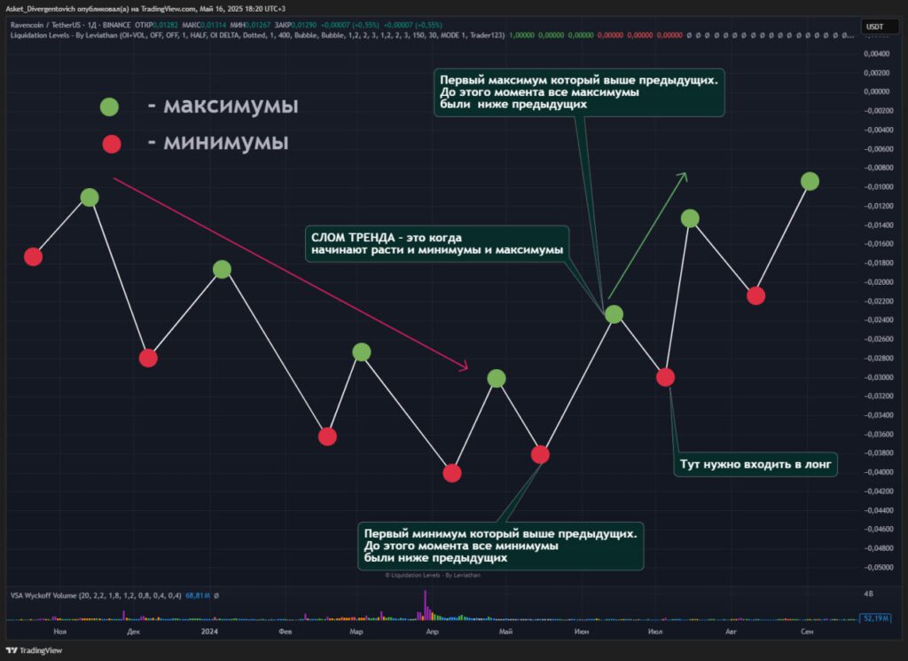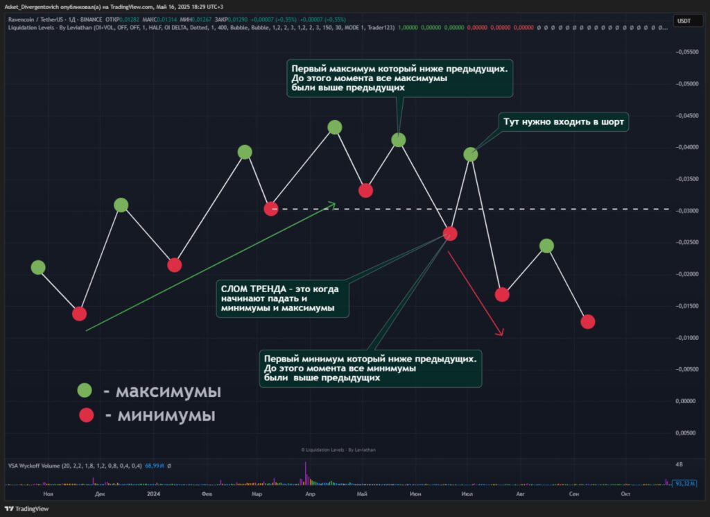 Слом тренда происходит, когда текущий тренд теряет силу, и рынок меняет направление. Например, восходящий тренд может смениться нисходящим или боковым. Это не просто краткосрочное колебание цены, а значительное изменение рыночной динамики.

---

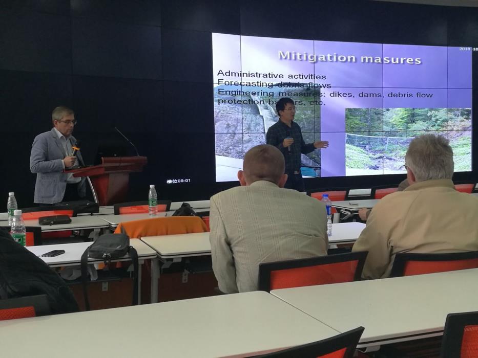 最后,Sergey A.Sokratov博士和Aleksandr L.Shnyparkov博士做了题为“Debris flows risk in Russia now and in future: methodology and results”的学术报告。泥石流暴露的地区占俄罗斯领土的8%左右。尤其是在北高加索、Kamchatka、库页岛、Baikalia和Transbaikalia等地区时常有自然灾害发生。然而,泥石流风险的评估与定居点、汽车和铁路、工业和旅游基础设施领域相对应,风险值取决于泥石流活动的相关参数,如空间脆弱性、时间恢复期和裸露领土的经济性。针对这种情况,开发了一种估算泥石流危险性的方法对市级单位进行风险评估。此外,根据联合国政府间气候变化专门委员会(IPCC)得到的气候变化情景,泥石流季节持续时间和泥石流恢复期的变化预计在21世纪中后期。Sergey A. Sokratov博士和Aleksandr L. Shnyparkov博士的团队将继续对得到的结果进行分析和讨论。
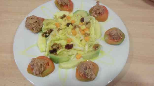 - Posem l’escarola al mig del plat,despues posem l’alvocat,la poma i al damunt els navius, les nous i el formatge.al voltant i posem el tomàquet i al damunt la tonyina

Task requirements:
Output exactly the lines of the listing above that start with the one holding "Sokratov博士和Aleksandr L. Shnyparkov博士的团队将继续对得到的结果进行分析和讨论。" and go on through the one holding "- Posem l’escarola"; leave the pictures out.

Response for this exercise:
 最后,Sergey A.Sokratov博士和Aleksandr L.Shnyparkov博士做了题为“Debris flows risk in Russia now and in future: methodology and results”的学术报告。泥石流暴露的地区占俄罗斯领土的8%左右。尤其是在北高加索、Kamchatka、库页岛、Baikalia和Transbaikalia等地区时常有自然灾害发生。然而,泥石流风险的评估与定居点、汽车和铁路、工业和旅游基础设施领域相对应,风险值取决于泥石流活动的相关参数,如空间脆弱性、时间恢复期和裸露领土的经济性。针对这种情况,开发了一种估算泥石流危险性的方法对市级单位进行风险评估。此外,根据联合国政府间气候变化专门委员会(IPCC)得到的气候变化情景,泥石流季节持续时间和泥石流恢复期的变化预计在21世纪中后期。Sergey A. Sokratov博士和Aleksandr L. Shnyparkov博士的团队将继续对得到的结果进行分析和讨论。
 - Posem l’escarola al mig del plat,despues posem l’alvocat,la poma i al damunt els navius, les nous i el formatge.al voltant i posem el tomàquet i al damunt la tonyina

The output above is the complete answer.